Die Zwischennutzung größerer Gebäude für kulturelle Projekte und Aktivitäten hat in Nürnberg eine gewisse Tradition. Zu einem kulturellen Anziehungspunkt entwickelte sich die ehemalige LGA Anfang der 90er Jahre. Doch der Entschluss des Stadtrats für das kommerzielle "Cinecittá" setzte die "AG Zwischennutz" trotz heftiger Proteste auf die Straße. Es folgte die LGB, ein Dauerprovisorium von fast 6 Jahren. Nach einem kurzen Zwischenspiel im Z-Bau, das wegen finanzieller Querelen mit der Stadt zu Ende ging, folgt nun das ehemalige Kunsthaus. Worum es der "AG Zwischennutz" geht, beschreibt Alfred Trapp: "Eigentlich ging es ja um ein Zuhause für eine Subkultur, die ihre Ursprünge natürlich auch im Kunstverein hat, oder eben im Hemdendienst."

Auf eine noch längere Geschichte kann der "Hemdendienst" zurück blicken. Seit über 13 Jahren entfaltet er seine Aktivitäten immer mal wieder an verschiedenen Orten. Aktivitäten, die Peter Lischka so beschreibt: "Der Verein ´Hemdendienst` war oder ist eine Art Plattform für verschiedene Künstler. Wir haben drei Säulen: Die Ausstellungen, Musik und als dritte Säule etwas, was den ´Hemdendienst´ vielleicht auch ein bisschen auszeichnet oder abgrenzt von ähnlichen Organisationen, nämlich dass viele schräge kleine Projekte von den Leuten selbst entwickelt werden und dann im ´Hemdendienst` aufgeführt werden."

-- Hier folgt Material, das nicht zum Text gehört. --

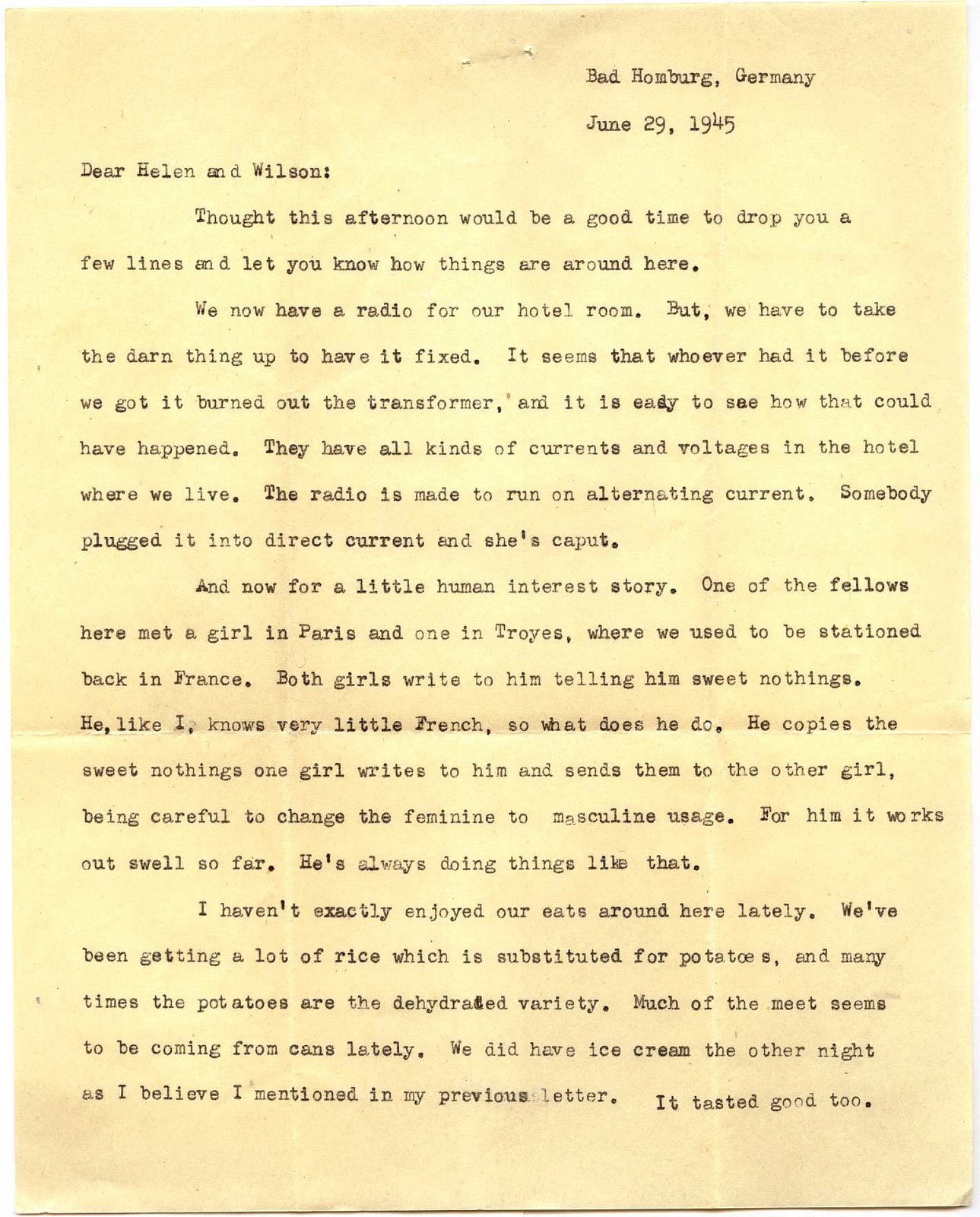 And now for a little human interest story. One of the fellows here met a girl in Paris and one in Troyes, where we used to be stationed back in France. Both girls write to him telling him sweet nothings. He, like I, knows very little French, so what does he do. He copies the sweet nothings one girl writes to him and sends them to the other girl, being careful to change the feminine to masculine usage. For him it works out swell so far. He’s always doing things like that.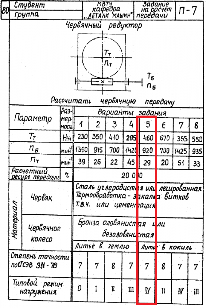 ДЗ П-7: Расчет передачи вариант 5
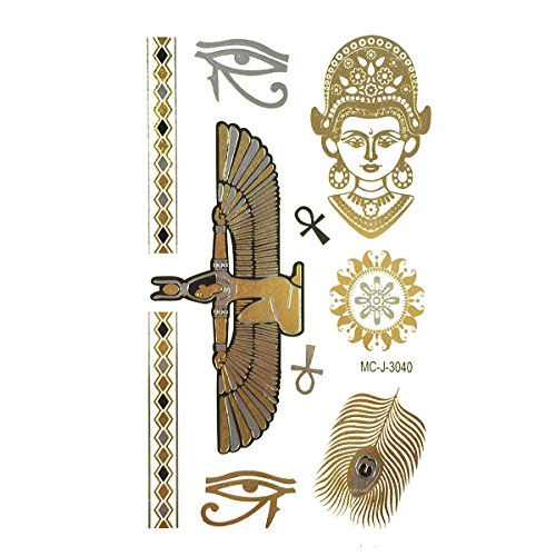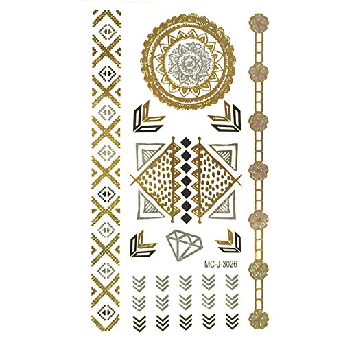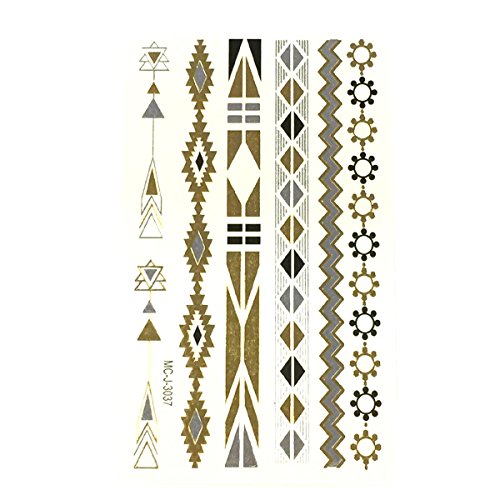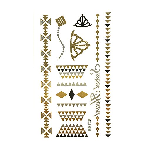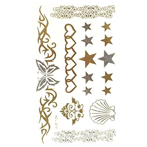 Make a statement with these celebrity inspired temporary tattoos in metallic gold, silver, and black.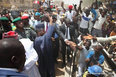 Vice President Yemi Osinbajo received a rousing welcome from residents of Kano state as he visited the state today to commission some projects executed by the state government and also commiserate with traders who lost their wares in the fire incident that occurred at the Muhammad Abubakar Rimi Market Sabon Gari Kano recently. Continue to see more photos.

Subkultur an der kurzen Leine

Trotz der kurzen Zeit haben die beiden ZwischennutzerInnen schon einige Veranstaltungen auf die Beine gestellt. Die Kunstausstellung "Eins" der Kunstakademie war bereits zu bewundern, eine ganze Latte von Konzerten folgt noch (s. Veranstaltungskalender).

Angedeutet hatte sich schon länger, dass die deadline Ende März vielleicht doch nicht das endgültige Aus für die ZwischennutzerInnen wäre . Immer wieder wurde von einer Verlängerung gemunkelt. Doch für wie lange die beiden Projekte nun planen können, steht noch in den Sternen. Recht misstrauisch klingen "Hemdendienst" und "AG Zwischennutz", wenig Euphorie ist zu spüren. Zusammen hängen mag das mit Erfahrungen der letzten Jahre, mit der ständigen Unsicherheit, mit kurzfristig veränderten Entscheidungen und mangelndem politischen Willen. Schließlich ist Subkultur nicht gerade ein Aushängeschild der Stadt Nürnberg. Und: Sollte der Mietvertrag tatsächlich verlängert werden, hätte er einen Haken. Wäre "kurzfristig eine bauliche Maßnahme notwendig, im Zusammenhang mit der künftigen Nutzung, wäre das ein Grund, zu sagen, die Zwischennutzung ist beendet", gibt Herr Trautenbach, der für die Zwischennutzung zuständig ist, zu. Wovon er allerdings nicht ausgeht, vielmehr stellt er eine Verlängerung bis Herbst oder Ende des Jahres in Aussicht. Was aber am beschriebenen Haken nichts ändert, wie auch Peter Lischka vom "Hemdendienst" sieht: "Ich gehe davon aus, dass wir vom Mietvertrag her an der kurzen Leine gehalten würden, um uns dann relativ schnell auch wieder rausschmeißen zu können, wenn sie eine Idee haben, was sie mit dem Haus machen werden."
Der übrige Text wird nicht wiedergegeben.